Because they want to use it for other stuff than their job?
Then do it on your personal account?
Apparently, they can't. Ive done the same sort of thing with software licenses - occasionally, something is so useful that I'm willing to maintain my own subscription. The full Jetbrains suite, for one.

I seem to recall Apple doing roughly the same thing with email accounts.

In that case it looks like they want to conduct personal/other business on company computer, which in itself is a no no.
Org manages spend limits and controls policies on how Copilot behaves.

If the org hits their spending limit, you're SOL.

(comment deleted)
Lesson: Don’t conduct personal business with employer email.
Alternative lesson: don't conduct employment business with personal email.
Definitely a good idea! In this case I think it was a “personal” account on a work domain.
Why wouldnt you have an account using that jobs credentials that is only for that work, and another for your personal stuff? Mixing that stuff is not good practice for many reasons.
Separate Github profiles for work and personal.
Is it normal for people to have separate profiles like that on Github?
Yes, of course. In fact it is a pretty bad idea to use the same profile for an employer. Always treat an employer as disposable, along with the respective GitHub username for it.
I would say most devs use same GitHub profile for work and personal projects. GitHub provides pretty easy way to join various organizations with same handle. It almost seems exception when a developer creates a new profile for work.
The practice can vary significantly by the employer. Some employers prefer the usernames be new and unique to the employer, whereas others don't care. It's obvious that it's a major liability for the employee to reuse the username for personal and professional organizations.
Yeah, exactly.
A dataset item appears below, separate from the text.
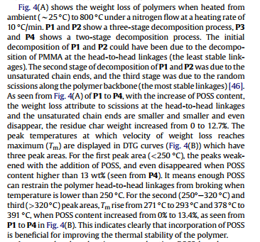 情景:一个共聚物,测试DSC-TGA,图上有两个分解阶段,文中给出对这一现象的解释,如下。其中BMA是甲基丙烯酸丁酯,PBMA是甲基丙烯酸酯聚合物的意思。请大家帮我看下下面这句话是什么意思。 The initial decomposition could have been due to the decomposition of PBMA at the head-to-head linkages (the least stable linkages). The second stage of decomposition was due to the random scissions along the polymer backbone (the most stable linkages) |

Personally I always thought that was a better policy (to have separate profiles) but I've actually had senior devs in the org tell me to just use my personal one and add my work email to it, so that's what I did. Seemed strange to me but I didn't question it too much. Maybe I should've, lol.
Not normal enough. Would you do all your personal emailing on your work email? I don't know why so many people have a blind spot when it comes to GitHub

At $JOB, it's mandated to have a separate GitHub account

I certainly do - my work GitHub profile is attached to my work email address whereas my personal GitHub is attached to my personal email address.

it's a complete separation of responsibilities in the same way that I have a work laptop and a personal laptop.
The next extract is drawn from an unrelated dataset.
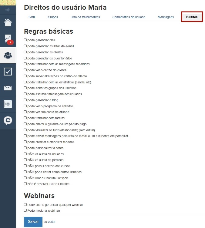 - Direitos - informações sobre os direitos do funcionário ou administrador. Nesta aba, você pode especificar quais ações um usuário pode executar em sua conta. Saiba mais sobre os direitos dos usuários neste artigo.

Yes. My work GitHub account is via SSO using my work creds. My personal GitHub account is much older and uses my personal email address.

Of course, we can’t (or shouldn’t) be uploading any of our code to GitHub for work. We have self-hosted Bitbucket servers. The corporate GitHub accounts are strictly used for Copilot.
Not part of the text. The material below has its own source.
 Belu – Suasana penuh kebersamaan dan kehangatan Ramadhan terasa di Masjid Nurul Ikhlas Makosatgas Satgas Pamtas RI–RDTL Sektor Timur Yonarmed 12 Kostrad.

If/when I leave the company, I’m pretty sure they don’t want all the code tied to my personal account. That sounds like a nightmare. I don’t want that either.

Thanks all. You've convinced me. I'll set up a new profile for the next time I need to work with a company.
I don’t think I’d ever sign up for personal stuff with my work email. Those are two areas of my life I keep separate.

If you want a personal account and are willing to pay for it, sign up under a non-work account. Use that at home, and use your work account at work. This makes sense to me.

It's called domain claiming. Your org should have notified you, or asked that you migrated the email to your personal one.
Why are you using your personal account for work?

_always_ and I mean _always_ have a separate github/gitlab account for work and private things, otherwise you risk getting a lawsuit of your (former) employers. Especially if your work contract assigns all intellectual property rights to the employer.

I disagree with most of these posters. I am a person on GitHub. I don’t become a different person once the work day starts. I’ve done plenty of OSS as an employee of companies, and I’ve done more OSS work as an individual.

Although you _can_ use separate accounts, the idea that you MUST is nonsense.

But yes, I encountered the same thing once I was added to my full-time employer’s GHE Cloud account. So far, not a problem.